Поэтому вместо того, чтобы направиться через равнину, Гордон повернул свой отряд к холмам, которые окружали ее с юга. Петляя по чуть заметным тропкам, он, тем не менее, упорно продвигался на запад. Около полуночи один из раненых, привязанных к седлу, умер, а остальные то и дело начинали бредить. Однако туркмены остановились ровно настолько, чтобы спрятать тело в узкой расщелине. Они двигались тихо, словно призраки, то появляясь из-за холмов, то исчезая во тьме, и лишь цокот копыт и стоны раненых нарушали ночную тишину.

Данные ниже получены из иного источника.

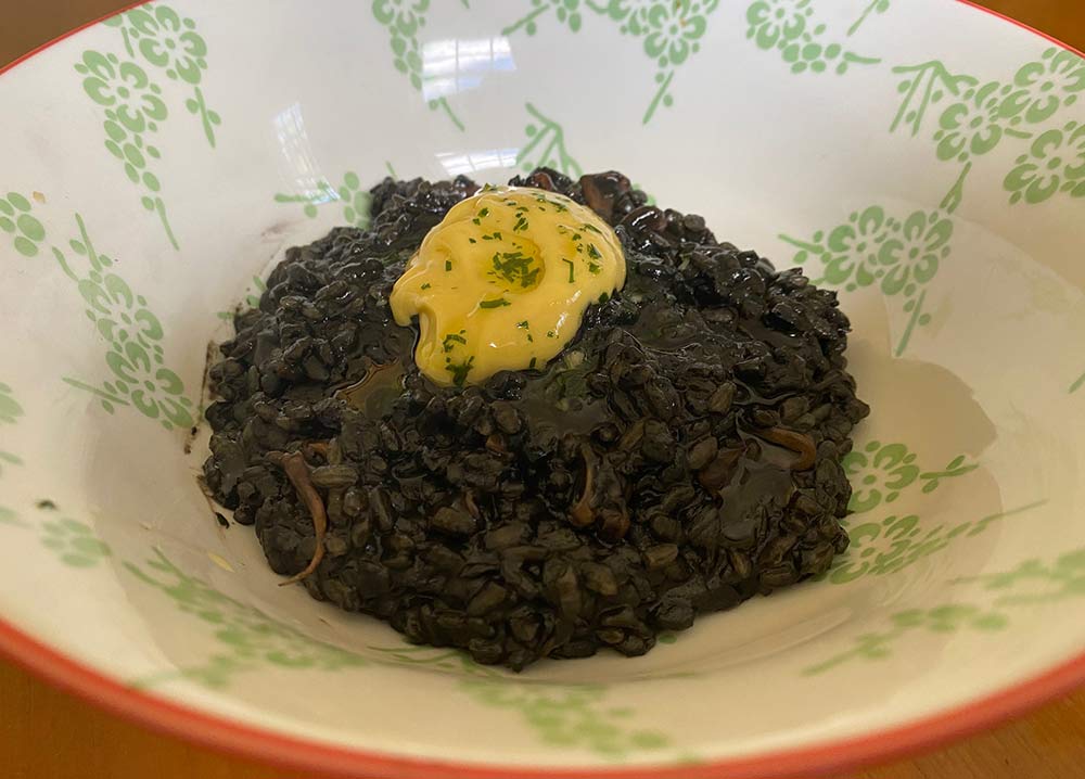 Arroz Negro - rice cooked in prawn bisque and squid ink, topped with their own aioli. Just warm up the bisque and slowly mix it into the rice on the heat. This is very satisfying to make, and works as a good side to some of the other dishes too.

Примерно за час до рассвета Гордон вывел свой отряд к ручью, который извивался в разломе известняковой скалы, — широкому, но мелкому, с твердым каменным дном. Около трех миль всадники ехали по ручью вброд, а затем выбрались на берег — на той же стороне.
Киргизы, которые шли за ними по следу, точно гончие за волками, должны были купиться на такую хитрость — во всяком случае, Гордон на это рассчитывал. Они решат, что туркмены пересекли ручей, и начнут разыскивать их на противоположном берегу. Конечно, рано или поздно кочевники догадаются, что их провели. Но, во всяком случае, это позволит выиграть время.
Поэтому теперь Гордон старался выбирать прямую дорогу. Киргизы не успокоятся; они продолжат поиски и вновь нападут на след своих обидчиков, но в это время последние будут уже далеко.
К тому же Йолган — последнее место, где стоит разыскивать банду разбойников. А ему, Гордону, возможно, удастся настичь своих врагов еще по дороге.
Но к рассвету туркмены окончательно выдохлись, и американец, сжалившись, приказал им остановиться и сделать привал. Пока они расседлывали усталых коней и доставали из вьюков еду, Гордон извлек из седельной сумки бинокль, кусок вяленого мяса, и взобрался на самый высокий утес, который только мог найти. Некоторое время он изучал в бинокль окрестные скалы и ущелья, одновременно утоляя голод, потом привалился к скале и позволил себе подремать с четверть часа, а проснувшись, снова припал к биноклю… Так повторялось несколько раз. Во время своих опасных странствий Гордону случалось сутками не смыкать глаз, подобно дикому зверю, — ибо этот сон мог стать последним. Тогда и пришлось научиться восстанавливать силы таким способом, которым, согласно легенде, много веков назад пользовался Леонардо да Винчи.
Однако туркменам не приходилось вскакивать каждые пятнадцать минут. Когда солнце стояло уже высоко, Гордон спустился и разбудил их. Привыкшие к тяготам походной жизни, разбойники успели отдохнуть и легко встали — кроме одного из раненых, который умер во сне. Тело немедленно опустили в глубокую трещину в ближайшей скале. Потом отряд выступил. Теперь, правда, приходилось двигаться медленнее: в отличие от седоков, кони не успели восстановить силы.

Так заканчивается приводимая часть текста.